- Work task -
Output only the lines of the entries that follow, starting at the one with "(株)ホームペイントは歌山県日高郡日高町の住宅塗り替え専門店" and running down to the one with "Floral Baby Shower", both included and unchanged.

- Task inputs -
BEGIN
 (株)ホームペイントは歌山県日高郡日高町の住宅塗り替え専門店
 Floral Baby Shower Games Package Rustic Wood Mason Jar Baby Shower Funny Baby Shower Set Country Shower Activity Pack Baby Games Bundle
END
BEGIN
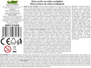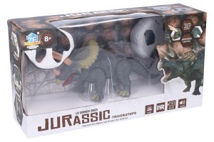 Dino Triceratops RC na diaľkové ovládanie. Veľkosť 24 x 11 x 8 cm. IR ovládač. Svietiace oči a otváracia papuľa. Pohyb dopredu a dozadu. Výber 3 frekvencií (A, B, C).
END
- Written solution -
 (株)ホームペイントは歌山県日高郡日高町の住宅塗り替え専門店
 Floral Baby Shower Games Package Rustic Wood Mason Jar Baby Shower Funny Baby Shower Set Country Shower Activity Pack Baby Games Bundle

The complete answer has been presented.